All homeworks should be submitted through Gradscope.

Homework 2

Part 1: Implementing a transformer model (50 points)

In this part, your goal is to design and implement a Transformer-based model. You are expected to gain a deeper understanding of the inner workings of the Transformer by building its core components from scratch.

Download the Google Colab notebook from the following link: Download.

Part 2: Text generation and decoding (50 points)

n this part, you will apply your Transformer model for sequence generation. This will be a task on text summarization in which you will explore using an off-the-shelf language model, and evaluation methods. This also focuses on experimenting with and evaluating different decoding strategies for text generation.

Download the Google Colab notebook from the following link: Download.

Homework 1

Part 1: Hands-on excercise - Implementing sparse representations (50 points)

In this homework, your goal is to implement sparse word and document representations. Sparse representations are crucial in many natural language processing tasks, particularly when working with high-dimensional data like text.

You will need to log in to colab with your Yale account.
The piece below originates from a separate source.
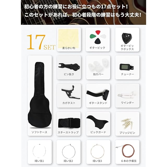 アコースティックギター 17点セット 初心者入門セット 練習ギター 初心者 ソフトケース付き ギター アコギ guitar
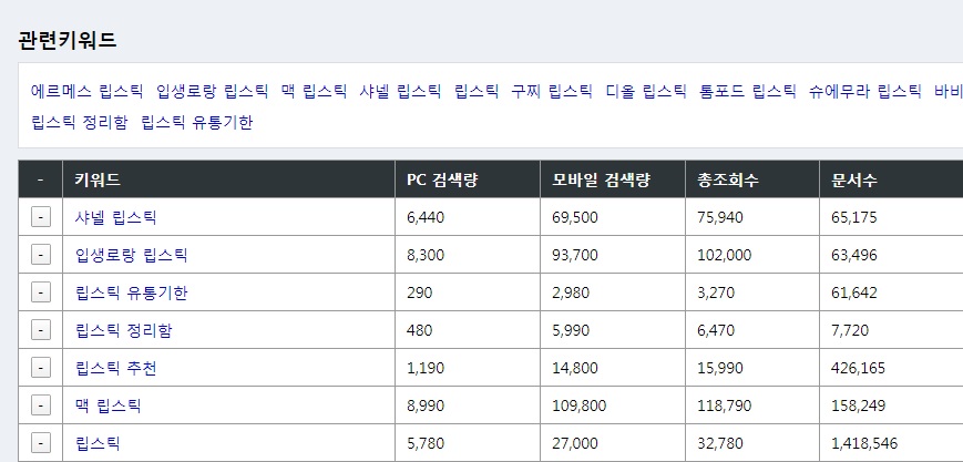 하나더~ ‘립스틱’이라는 키워드는 어떨까?

Then you can copy the notebook to your own account and start working on that.

You will be completing parts indicated with

    #
    # % -- Your Implementation -- %
    #

Or # TODO: Implement.

Then you will be submitting the completed notebook with all the outputs.

Please see the instructions and the notebook here: Colab-1.

Part 2: Handout (20 points)

Download the homework handout from the following link: Download.

For this part, you need to complete the homework in LaTeX and return the pdf solution. Further instructions are provided in the pdf.

Part 3: Hands-on excercise - Implementing the Word2Vec model (50 points)

The third part is implementation of a Word2Vec SkipGram model from scratch. A Colab notebook is provided to guide you through the process of implementing the model from scratch and training it on a toy data sample.

Then you will be submitting the completed notebook with all the outputs.

Please see the instructions and the notebook here: Colab-2.